The US Army Aviation and Missile Research, Development, and Engineering Center (AMRDEC)
is developing a micro-uncooled infrared (IR) capability for small unmanned aerial systems
(SUAS). In 2007, AMRDEC procured several uncooled microbolometers for lab and field test
evaluations, and static tower tests involving specific target sets confirmed initial modeling and
simulation predictions. With these promising results, AMRDEC procured two captive flight test
(CFT) vehicles and, in 2008, completed numerous captive flights to capture imagery with the
micro-uncooled infrared sensors. Several test configurations were used to build a comprehensive
data set. These configurations included variations in look-down angles, fields of view (FOV),
environments, altitudes, and target scenarios. Data collected during these field tests is also being
used to develop human tracking algorithms and image stabilization software by other AMRDEC
personnel. Details of these ongoing efforts will be presented in this paper and will include: 1)

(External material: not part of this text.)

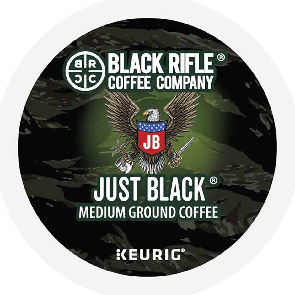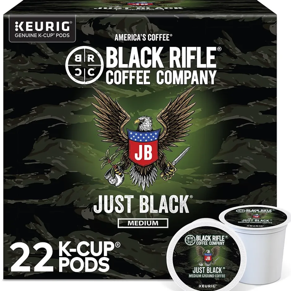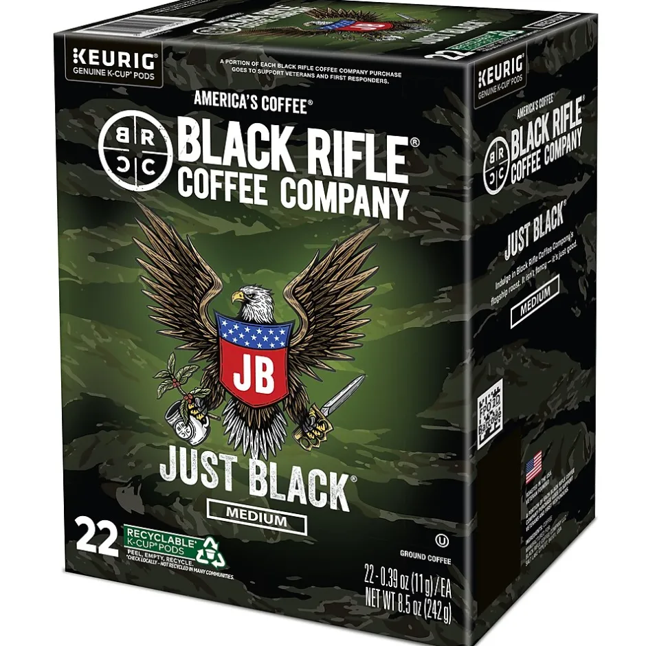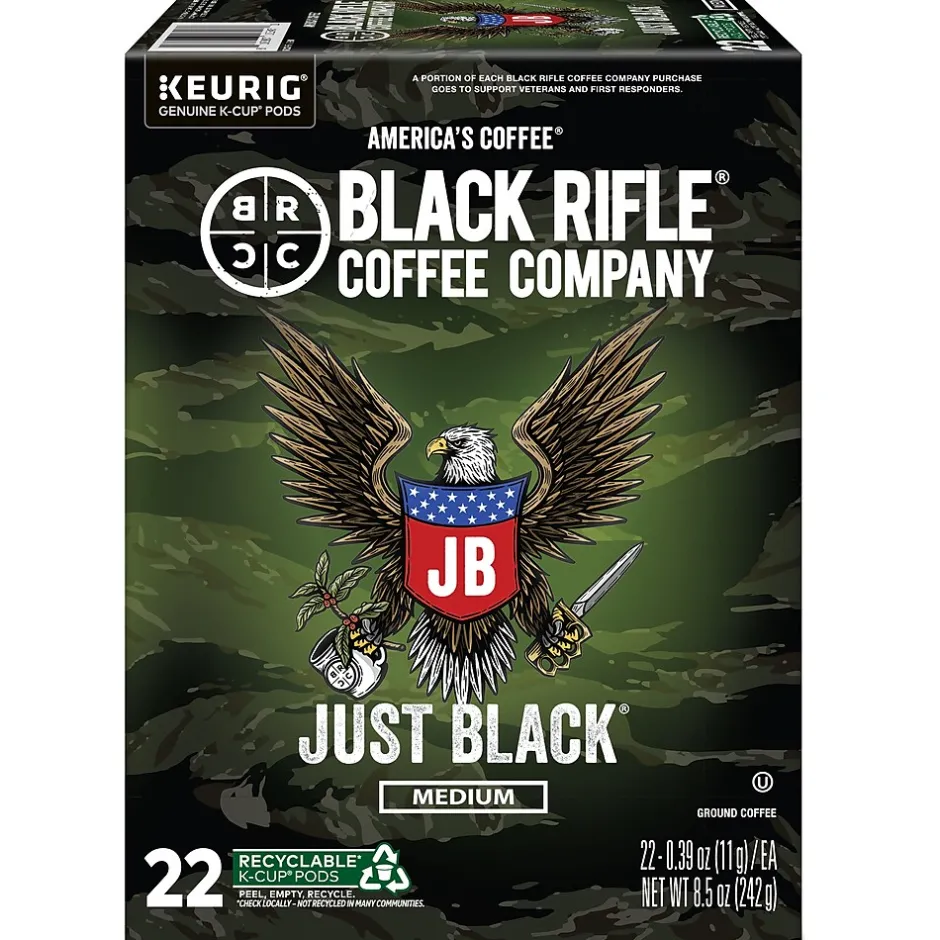 The coffee that started it all. There’s dark, light, and there’s just right. Just Black is our flagship coffee, a medium roast that strikes the perfect balance between the bold and the smooth. It features an aroma that’s a mixture of cocoa and vanilla, bold tasting notes, and a smooth, buttery finish that brings it all home. It’s not easy finding the perfect beans to represent Black Rifle Coffee Company. We have scoured through the coffee powerhouses of the world to find high-quality coffee beans to deliver a full-flavored taste no matter how you take your coffee. So every one of our Just Black K-Cup® pods gives you the perfect cup, every cup. Black Rifle Coffee Company serves coffee and culture to people who love America. We develop our explosive roast profiles with the same mission focus we learned as military members serving this great country, and we are committed to supporting veterans, law enforcement, and first responders. Each Just Black K-Cup® pod is filled with freshly ground coffee beans and is compatible with all Keurig® single serve coffee makers. Simple. Delicious. And recyclable. Enjoy the same great-tasting coffee you know and love, and when you’re done, just peel, empty, and recycle. Check locally, not recycled in many communities.

onboard digital data recording capabilities; 2) analog data links for visual verification of imagery;
3) sensor packaging and design; which include both infrared and visible cameras; 4) field test and
data collection results; 5) future plans; 6) potential applications. Finally, AMRDEC has recently
acquired a 17 μm pitch detector array. The paper will include plans to test both 17 μm and 25 μm
microbolometer technologies simultaneously in a side-by-side captive flight comparison.